Hundreds of Organizations Urge Congress to Close Tax Loophole for Fund Managers
by Brian Gumm, 9/5/2007
-For Immediate Release-
September 5, 2007
- Brian Gumm, OMB Watch, (202) 234-8494, email@example.com
Steve Wamhoff, Citizens for Tax Justice, (202) 299-1066
Hundreds of Organizations Urge Congress to Close Tax Loophole for Private Equity and Hedge Fund Managers
WASHINGTON, Sept. 5, 2007—More than 300 national, state and local nonprofit organizations signed a letter sent today to members of Congress urging them to eliminate a tax loophole that allows mega-rich private equity and hedge fund managers to pay federal taxes at a lower rate than middle-income people. Among the signatories are unions, faith-based organizations, advocates for children and families, social service nonprofits, and tax fairness advocates.
The loophole in question allows private equity fund managers, who can earn hundreds of millions of dollars a year in compensation, to pay federal taxes at a lower rate than middle-income individuals. Specifically, the loophole allows the part of fund managers' compensation called "carried interest" to be taxed at the low 15 percent rate for capital gains. Taxpayers earning as much as private equity fund managers usually are taxed at the top ordinary income tax rate of 35 percent.

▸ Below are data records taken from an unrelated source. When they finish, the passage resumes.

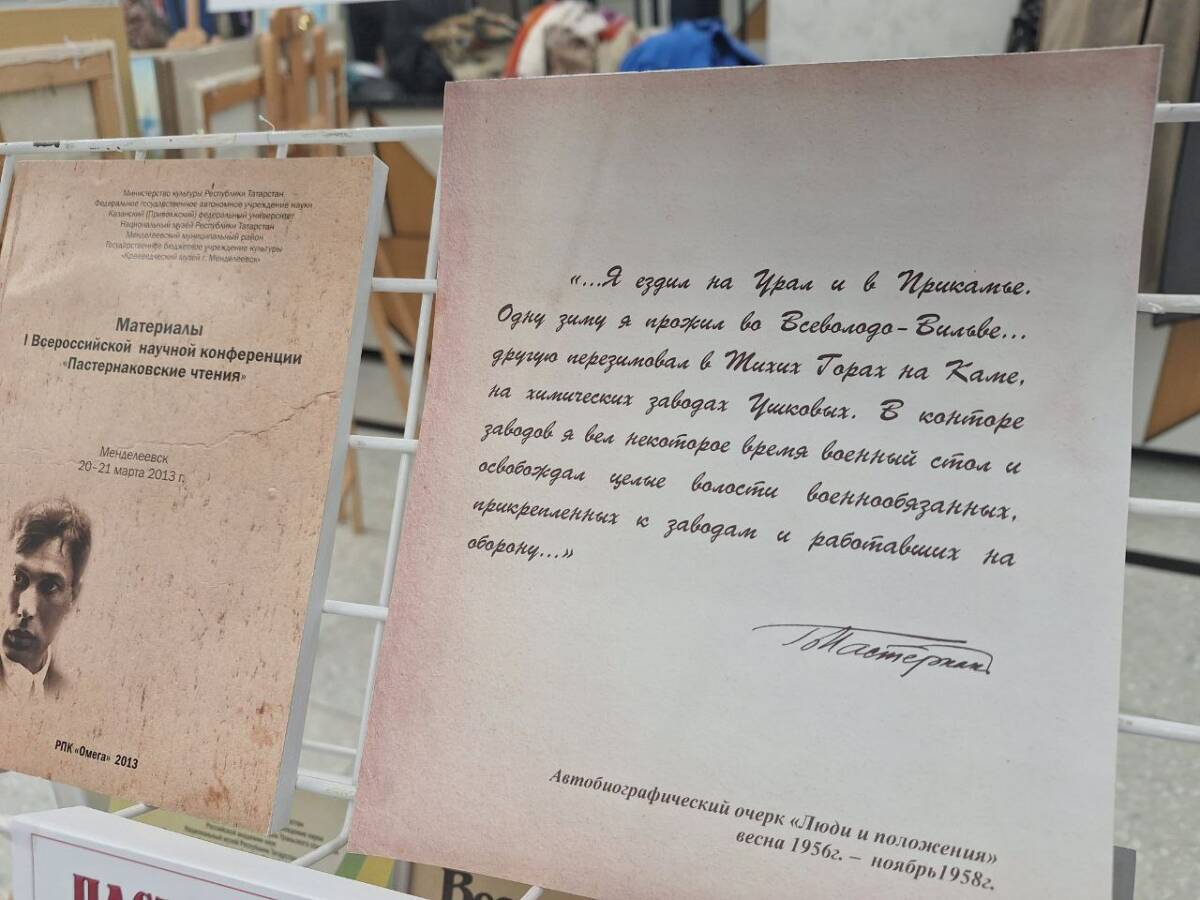 В фойе КЦ «Сайдаш» развернулись экспозиция Краеведческого музея, где прошла презентация туристических маршрутов Менделеевского района, а также выставка, посвященная международному литературно-театральному фестивалю «Пастернаковские чтения».
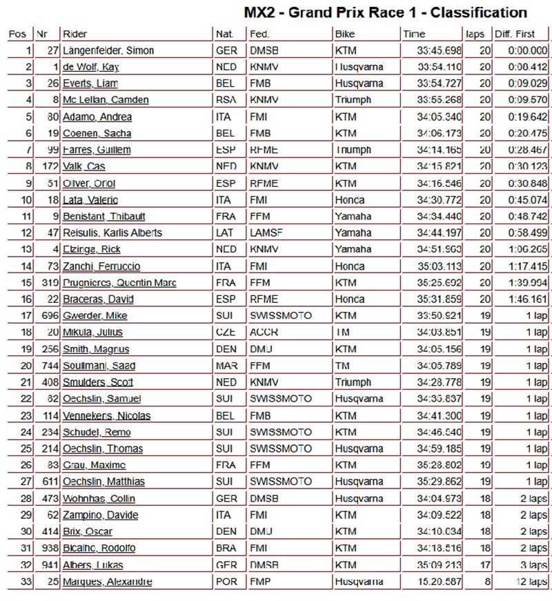 Laengenfelder wint eerste manche MX2 Zwitserland voor de Wolf by motocrossplanet21 april 2025 Simon Laengenfelder heeft de eerste manche van de Grand Prix MX2 in Zwitserland gewonnen voor Kay de Wolf en Liam Everts. Bekijk de volledige uitslag hieronder: Photocredits – Juan Pablo Acevedo
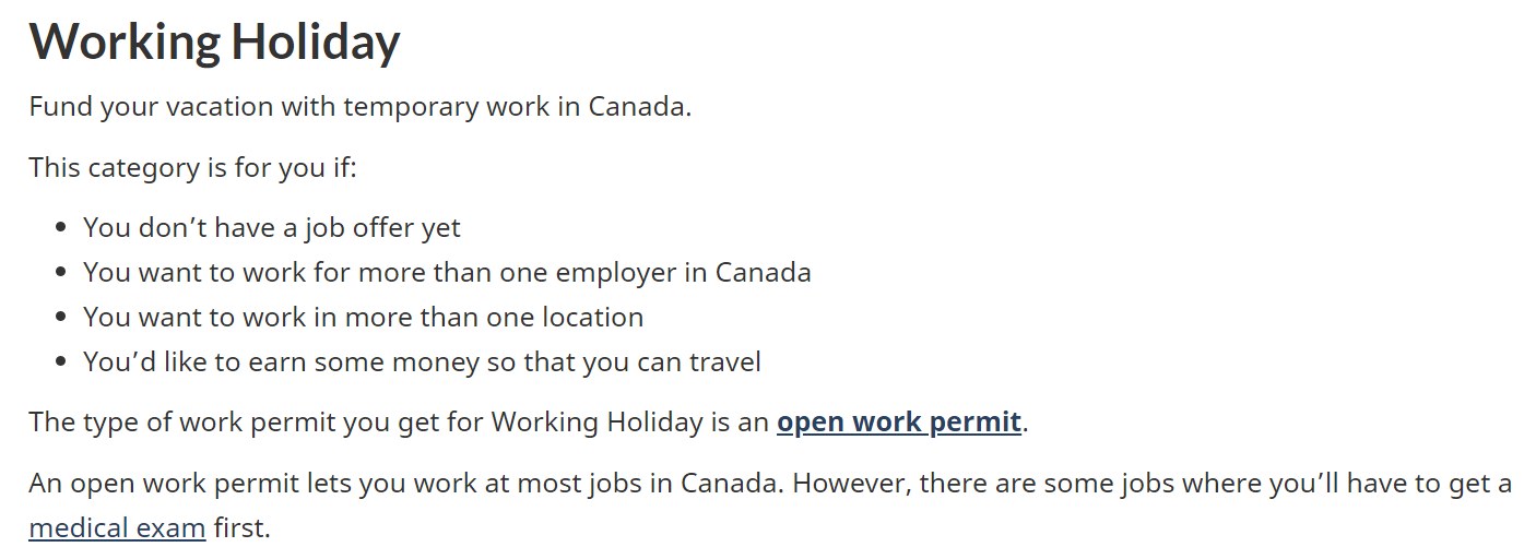 能为你的旅行经历增添一份不错的收入。 加拿大将向在 &lquo; 旅游打工 &rquo; 类别中成功申请的人发放开放工作许可证。开放工作许可证使人们可以在加拿大从事大多数工作,但是,在卫生部门工作或与弱势群体一起工作的人可能必须经过批准的医生进行体检。
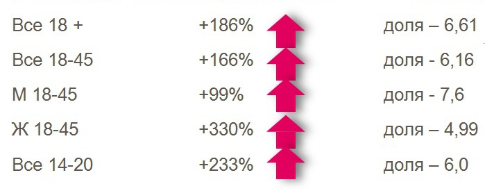 - НТВ – все перечисленные аудитории ( кроме все 18+)

The letter was delivered a day before the House Ways and Means Committee is scheduled to hold a hearing to examine the carried interest loophole, as well as other tax fairness issues. This fall, the Ways and Means Committee is expected to consider legislation introduced by Rep. Sander Levin (D-MI) that would eliminate this unfair loophole. The Senate Finance Committee will also hold a hearing Sept. 6 on the carried interest loophole — its third this year.